Milosevic cited quotations from Italian inspectors contained in a “geostrategic review called Limas”, according to the court transcripts. They were forthright in their views about the role of Walker and the KVM. “In my view, he [Walker] had two primary aims. One was to infiltrate personnel into the theatre with intelligence tasks and for Special Forces activities, preparatory work for a predetermined war... The other was to give the world the impression that everything had been tried and thus create grounds for public consent to the aggression we perpetrated.” They criticised, “Walker and his British chief of operation, Karol John Drewienkiewicz for rejecting any cooperation with Serb authorities.” The Italian inspectors saw the KVM as, “controlling the mission’s information flow, and most serious of all, for using the mission to make contacts with UCK rebels and train them to guide NATO to targets in the subsequent bombing.” They concluded, “it was an occasion for Walker and the US State Department to denounce the Serbs for breaking the truce. Europeans saw things differently. The Albanian rebels with US encouragement... dramatically provoking Serb attacks in order to justify NATO coming in on their side of the conflict.”

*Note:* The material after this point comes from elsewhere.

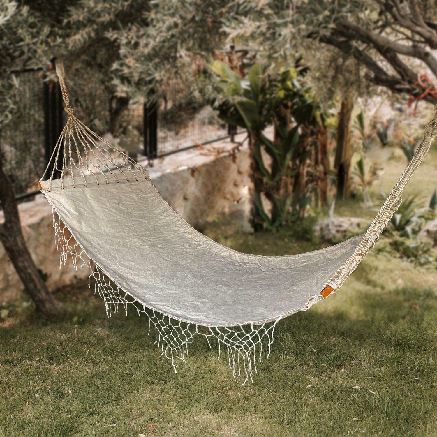 Hängematte mit Fransen – Boho-Chic für entspannte Momente Verleihen Sie Ihrem Zuhause oder Garten einen Hauch von Bohème-Charme mit unserer stilvollen Hängematte mit Fransen. Diese Hängematte ist nicht nur ein Ort der Entspannung, sondern auch ein dekoratives Highlight, das Ihrem Raum eine warme und einladende Atmosphäre verleiht. Design trifft auf Komfort Die Hängematte besticht durch ihr einzigartiges Boho-Design mit handgefertigten Fransen, die für eine romantische und verspielte Optik sorgen. Das weiche Material bietet optimalen Komfort und lädt zum Relaxen ein – ob im Wohnzimmer, auf dem Balkon oder unter freiem Himmel. Hochwertige Materialien für drinnen und draußen Material: Aus robuster Baumwolle gefertigt, ist die Hängematte nicht nur langlebig, sondern auch angenehm auf der Haut. Fransen-Details: Die dekorativen Fransen sind kunstvoll verarbeitet und verleihen der Hängematte einen Hauch von Eleganz. Wetterfest: Ideal für den Einsatz im Garten oder auf der Terrasse, da das Material atmungsaktiv und pflegeleicht ist. Einfache Montage und vielseitige Nutzung Die Hängematte lässt sich schnell und unkompliziert an Hängemattenständern, Bäumen oder geeigneten Befestigungspunkten montieren. Ob als Relax-Lounge im Garten, Deko-Element im Wohnzimmer oder gemütlicher Rückzugsort – diese Hängematte passt in jede Umgebung. Ihre Vorteile auf einen Blick: Einzigartiges Design: Handgefertigte Fransen für einen stilvollen Boho-Look. Vielseitig einsetzbar: Perfekt für Indoor- und Outdoor-Nutzung. Hochwertige Qualität: Aus langlebigen und umweltfreundlichen Materialien gefertigt. Leicht zu pflegen: Waschbare Materialien für einfache Reinigung. Perfekt für jeden Anlass Die Hängematte mit Fransen eignet sich nicht nur für entspannte Sommertage, sondern auch als dekoratives Highlight für Gartenpartys, Hochzeiten oder Fotoshootings. Zudem ist sie eine originelle Geschenkidee für Freunde und Familie. Jetzt Ihre Boho-Hängematte entdecken! Schaffen Sie Ihren persönlichen Wohlfühlort mit unserer Hängematte mit Fransen. Gönnen Sie sich den Luxus von Komfort und Design – perfekt, um dem Alltag zu entfliehen und entspannte Momente zu genießen.

Ciaglinski was asked if he had been a spy for NATO. He rejected this, claiming that the KVM did not “respond to requests” from NATO to provide information “specifically for intelligence purposes”. But the court heard how Pascal Neuver, a Swiss verifier, had admitted, “We understood from the beginning that the information gathered by the KVM was used for completing the information gathered by NATO satellites. We had the impression that we were gathering intelligence for NATO.”
The connection between the inspection teams mounted by the US and the preparations for war against Serbia were more direct still. Drewienkiewicz explained how the private company, Dincor, had recruited the US inspectors, some of whom had been previous employees with the mercenary group, Military Professional Resources Incorporated (MPRI), which had trained the Bosnian Croat-Moslem Federation Army in army tactics. Drewienkiewicz insisted these people were now “verifiers with our mission. There was emphatically no training carried out.” The Dutch government inquiry into the 1995 Srebrenica massacre, however, shows that US agencies helped smuggle enormous quantities of weapons to the Moslems during the Bosnian civil war in defiance of international sanctions (Dossier Srebrenica: Intelligence and War in Bosnia 1992-95, Netherlands Institute for War Documentation).
One final point of special interest was the statement made by Drewienkiewicz to the court. “My opinion was that up until the moment that we drove out of Kosovo on the 20th of March, I came across no indications that there was a plan to expel the civilian population. I was absolutely clear that there was a plan to deal with the KLA which would involve bringing in reinforcements of the Yugoslav Army and those reinforcements had started to arrive before we left. But I was not—I saw no evidence that such a plan to expel the civilian population existed as at 20th March.” This is an important admission, given that the charge against Milosevic for crimes against humanity focuses on the claim that he was responsible for ethnic cleansing, defined in the indictment as, “the unlawful deportation and forcible transfer of thousands of Kosovo Albanians from their homes in Kosovo... in well-planned and coordinated operations”.